[SERVER-21118] A slaveDelay'd member in sleep gets stuck in shutdown Created: 26/Oct/15  Updated: 07/Dec/16  Resolved: 23/Aug/16

Status: Closed
Project: Core Server
Component/s: Replication
Affects Version/s: 3.0.0, 3.2.0-rc0
Fix Version/s: 3.3.12

Type: Bug Priority: Major - P3
Reporter: Joanna Cheng Assignee: Mathias Stearn
Resolution: Done Votes: 0
Labels: None
Remaining Estimate: Not Specified
Time Spent: Not Specified
Original Estimate: Not Specified

Issue Links:
Related
related to SERVER-25546 Handle slaveDelay as part of op batch... Closed
related to SERVER-21004 Implement wait objects that support o... Closed
Backwards Compatibility: Fully Compatible
Operating System: ALL
Steps To Reproduce:
  1. Start a 3 node replica set with one member delayed
  2. Issue a write to trigger the delayed member to go into a sleep
  3. Try to issue db.shutdownServer() (or send a signal) on the delayed node
Sprint: Repl 2016-08-29
Participants:

 Description   

When a delayed secondary sees an oplog entry it doesn't need to apply yet, it goes into a sleep.

2015-10-26T12:00:27.413+1100 W REPL     [rsSync] replSet slavedelay causing a long sleep of 269 seconds

If the member is attempted to be shut down during this sleep, it gets stuck.

This happens in 3.0.7 and 3.2.0-rc0 (note the timestamps)
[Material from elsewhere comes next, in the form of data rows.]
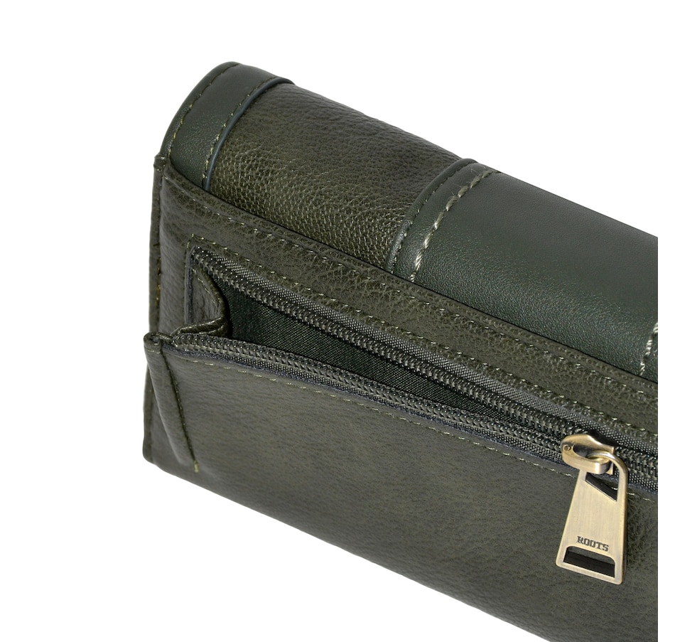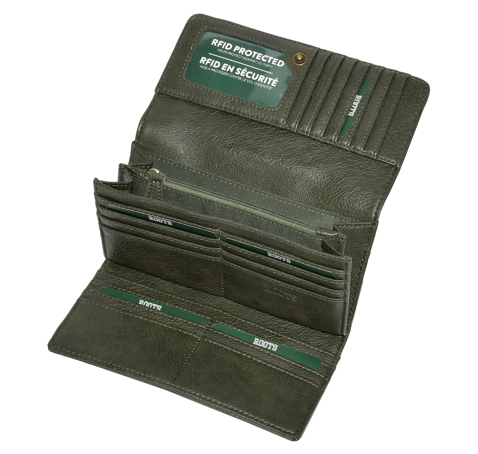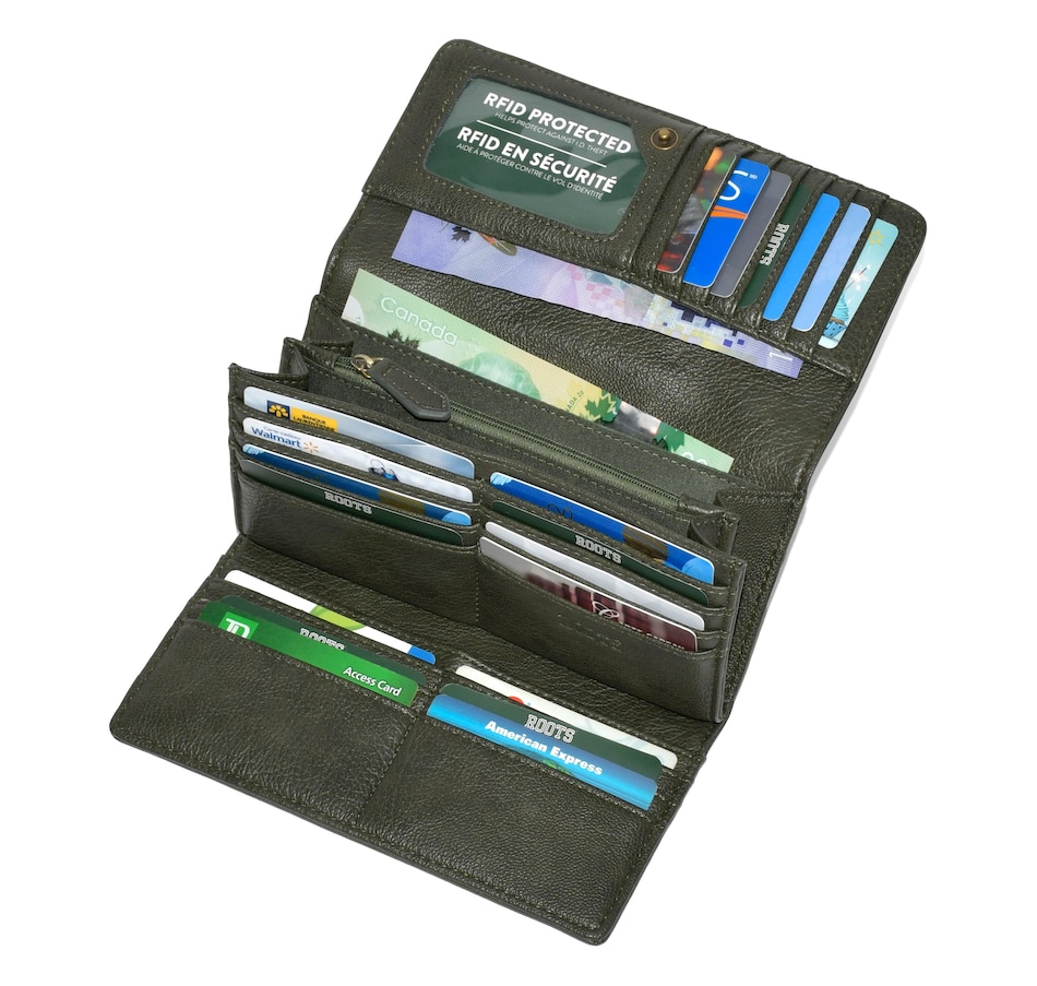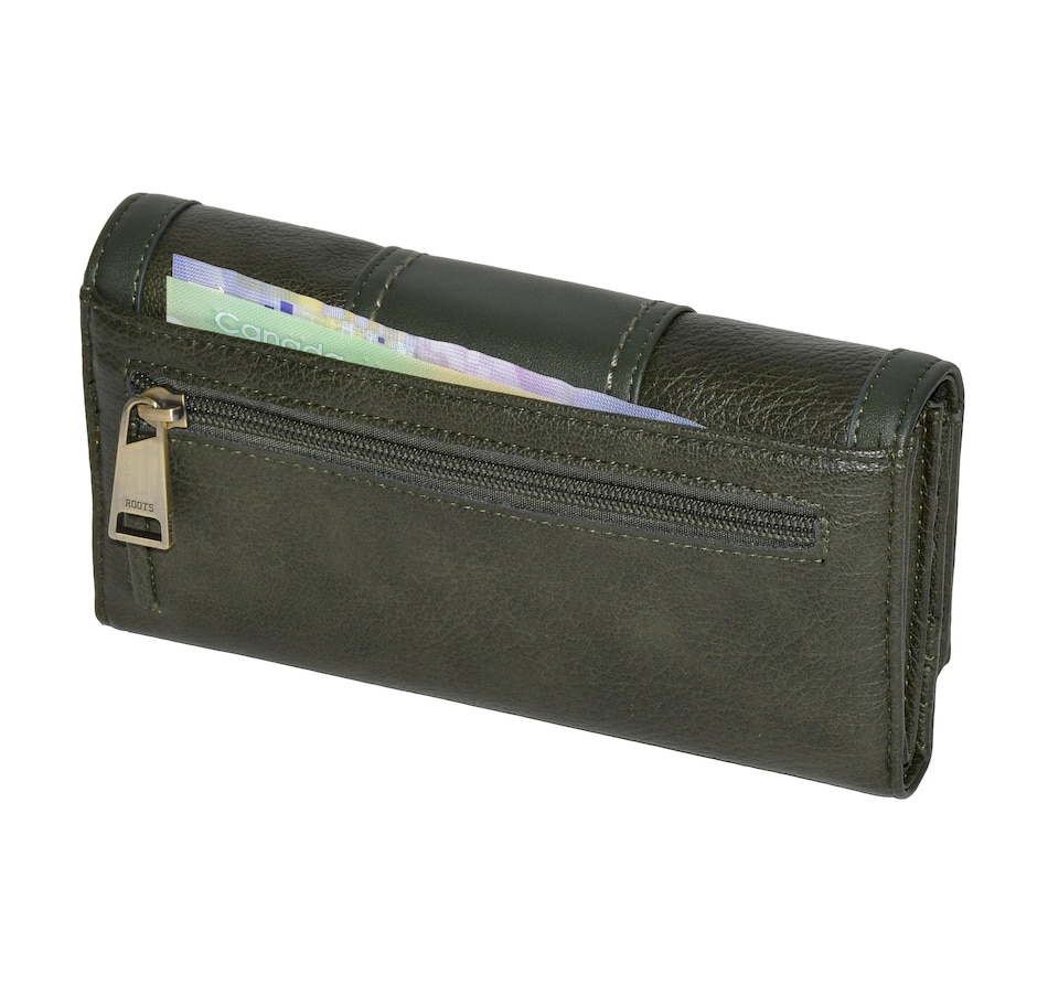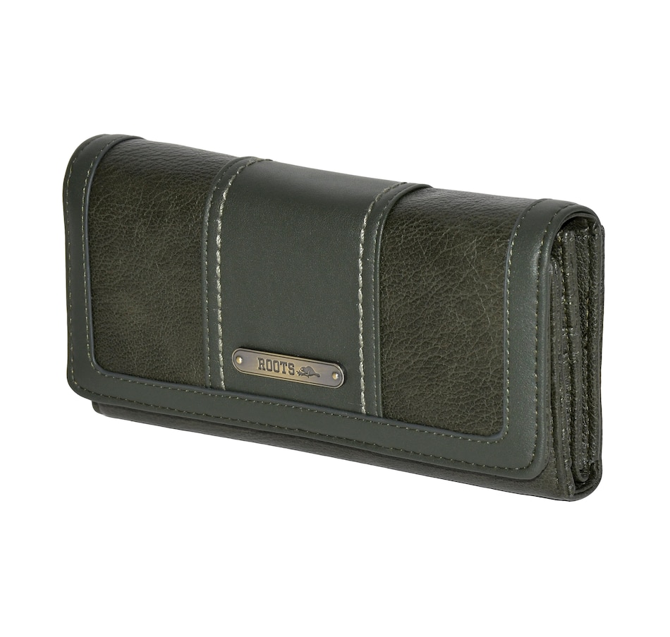 With the ROOTS ultimate pocket clutch wallet, staying organized is easy. It has 21 credit card slots, an ID window, two gusset pockets, and two zippered pockets, one on the inside and one on the outside. The back zip pocket is ideal for easy access to frequently used items. It also has a double metal snap closure to allow you to expand the size of your wallet. Finished in high-quality contrast PU leather, this wallet ensures that you can bring everything you need with you while also looking good.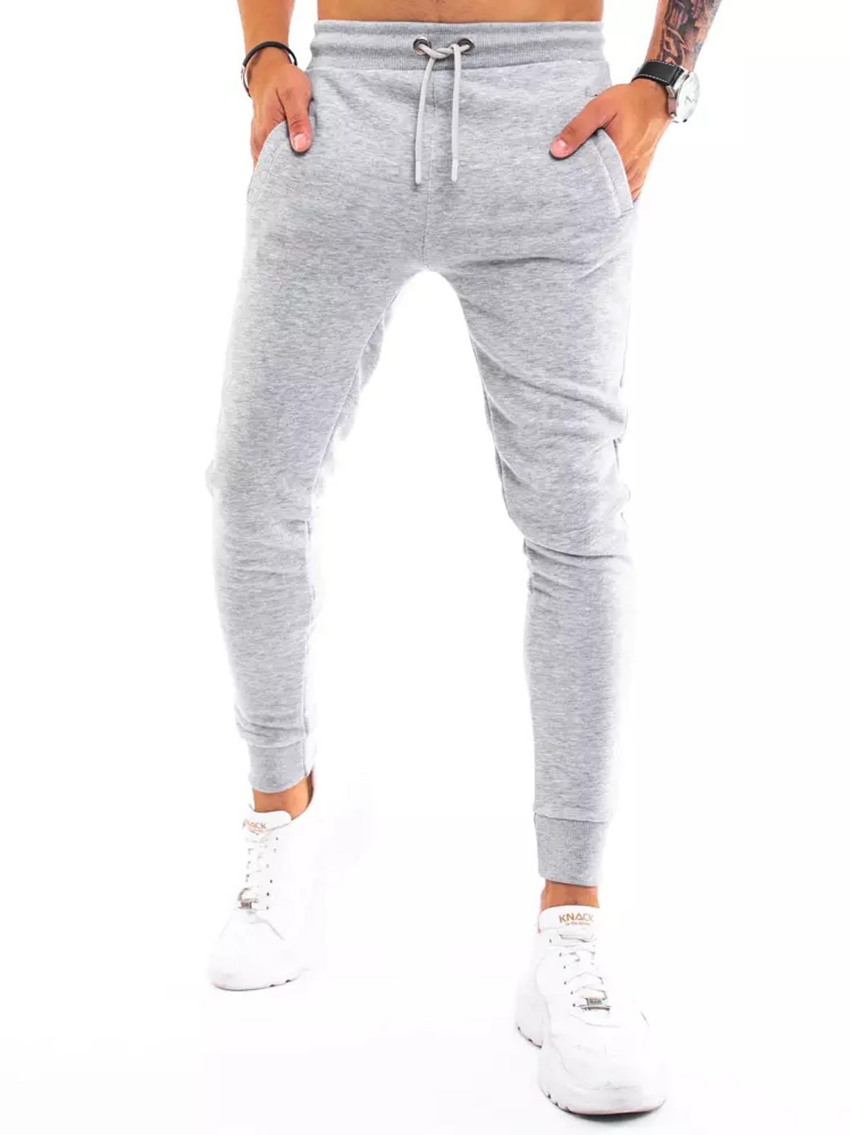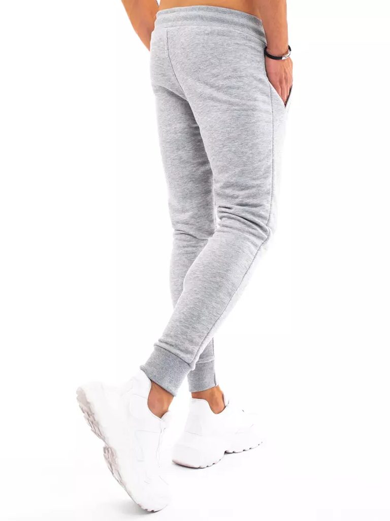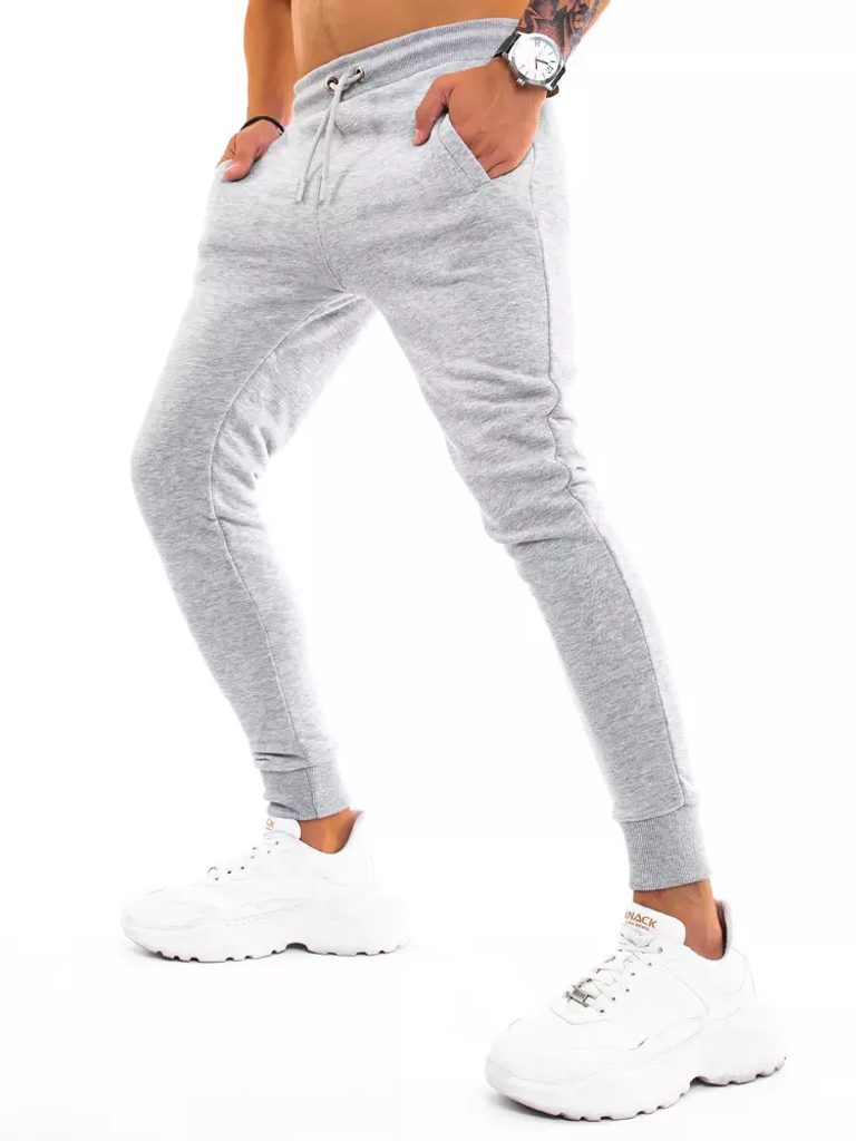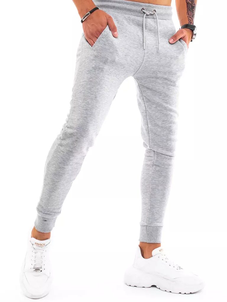 Szürke hagyományos melegítő alsó. Két lábszárán benyulós oldalsó zsebbel. Rugalmas derékrészén zsinórbehúzással. Lefelé szűkülő szárral, bordázott szegély a nadrágszáron. Kellemes viseletet biztosító anyagból.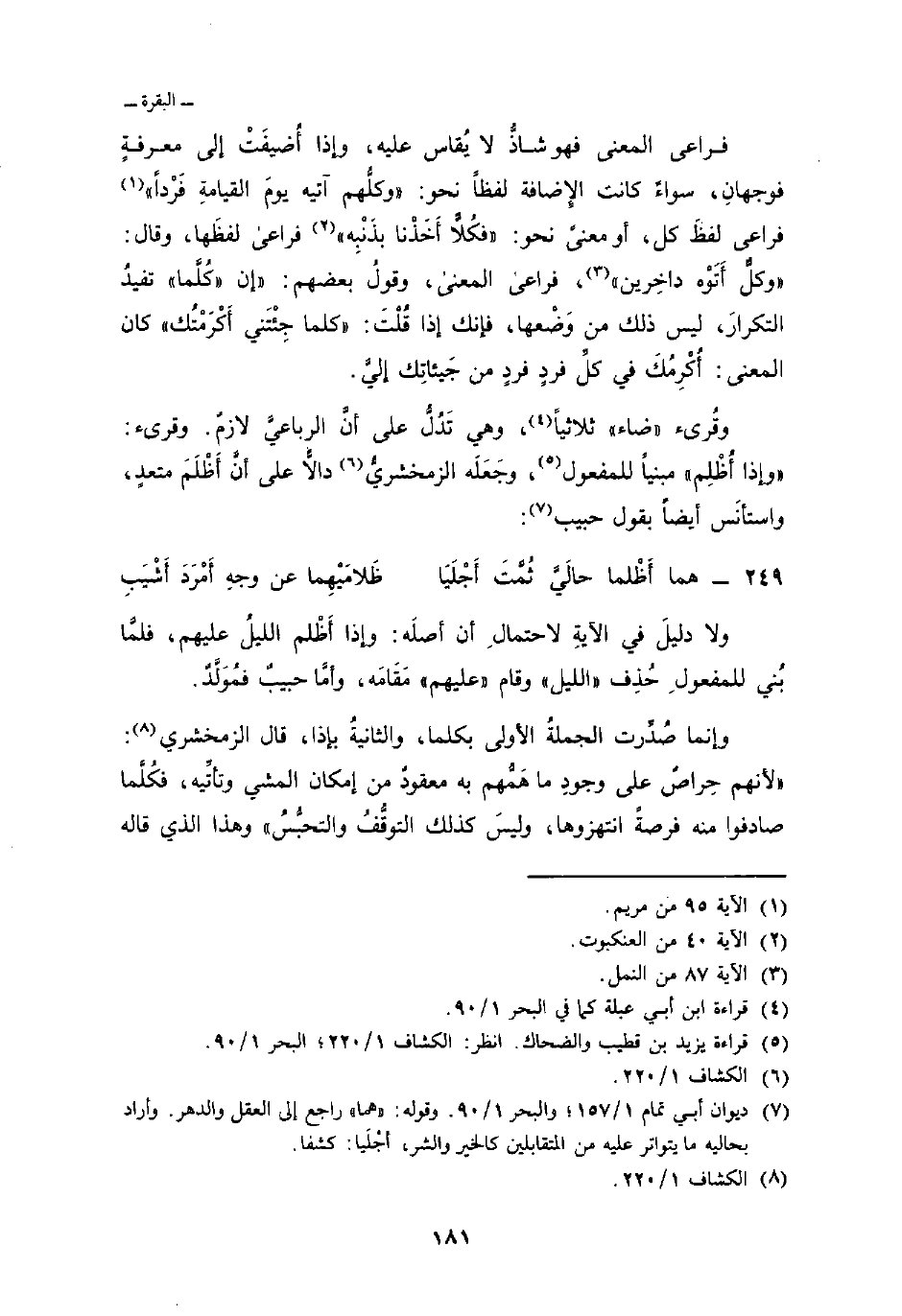 فراعى المعنى فهو شاذٌّ لا يُقاس عليه، وإذا أُضيفَتْ إلى معرفةٍ فوجهانِ، سواءً كانت الإِضافة لفظاً نحو: {وَكُلُّهُمْ آتِيهِ يَوْمَ القيامة فَرْداً} [مريم: 95] فراعى لفظَ كل، أو معنىً نحو: {فَكُلاًّ أَخَذْنَا بِذَنبِهِ} [العنكبوت: 40] فراعى لفظَها، وقال: {وَكُلٌّ أَتَوْهُ دَاخِرِينَ} [النمل: 87] ، فراعى المعنى، وقولُ بعضهم: إن «كُلَّما» تفيدُ التكرارَ، ليس ذلك من وَضْعها، فإنك إذا قُلْتَ: «كلما جِئْتَني أَكْرَمْتُك» كان المعنى: أُكْرِمُكَ في كلِّ فردٍ فردٍ من جَيئاتِكَ إليَّ.

2015-10-26T12:00:27.413+1100 W REPL     [rsSync] replSet slavedelay causing a long sleep of 269 seconds
2015-10-26T12:00:27.930+1100 I NETWORK  [initandlisten] connection accepted from 10.8.1.231:58065 #5 (1 connection now open)
2015-10-26T12:00:27.932+1100 I REPL     [ReplicationExecutor] replSetElect voting yea for Joannas-MacBook-Pro.local:25217 (0)
2015-10-26T12:00:28.050+1100 I NETWORK  [initandlisten] connection accepted from 10.8.1.231:58066 #6 (2 connections now open)
2015-10-26T12:00:28.209+1100 I REPL     [ReplicationExecutor] Member Joannas-MacBook-Pro.local:25217 is now in state PRIMARY
2015-10-26T12:00:57.984+1100 I NETWORK  [conn5] end connection 10.8.1.231:58065 (1 connection now open)
2015-10-26T12:00:57.985+1100 I NETWORK  [initandlisten] connection accepted from 10.8.1.231:58111 #7 (2 connections now open)
2015-10-26T12:00:58.128+1100 I NETWORK  [conn6] end connection 10.8.1.231:58066 (1 connection now open)
2015-10-26T12:00:58.129+1100 I NETWORK  [initandlisten] connection accepted from 10.8.1.231:58112 #8 (2 connections now open)
2015-10-26T12:01:07.048+1100 I NETWORK  [initandlisten] connection accepted from 127.0.0.1:58129 #9 (3 connections now open)
2015-10-26T12:01:07.065+1100 I COMMAND  [conn9] terminating, shutdown command received
2015-10-26T12:01:07.066+1100 I REPL     [conn9] Stopping replication applier threads
2015-10-26T12:01:08.019+1100 I STORAGE  [conn7] got request after shutdown()
2015-10-26T12:01:08.152+1100 I STORAGE  [conn8] got request after shutdown()
2015-10-26T12:04:57.563+1100 I CONTROL  [conn9] now exiting
2015-10-26T12:04:57.564+1100 I NETWORK  [conn9] shutdown: going to close listening sockets...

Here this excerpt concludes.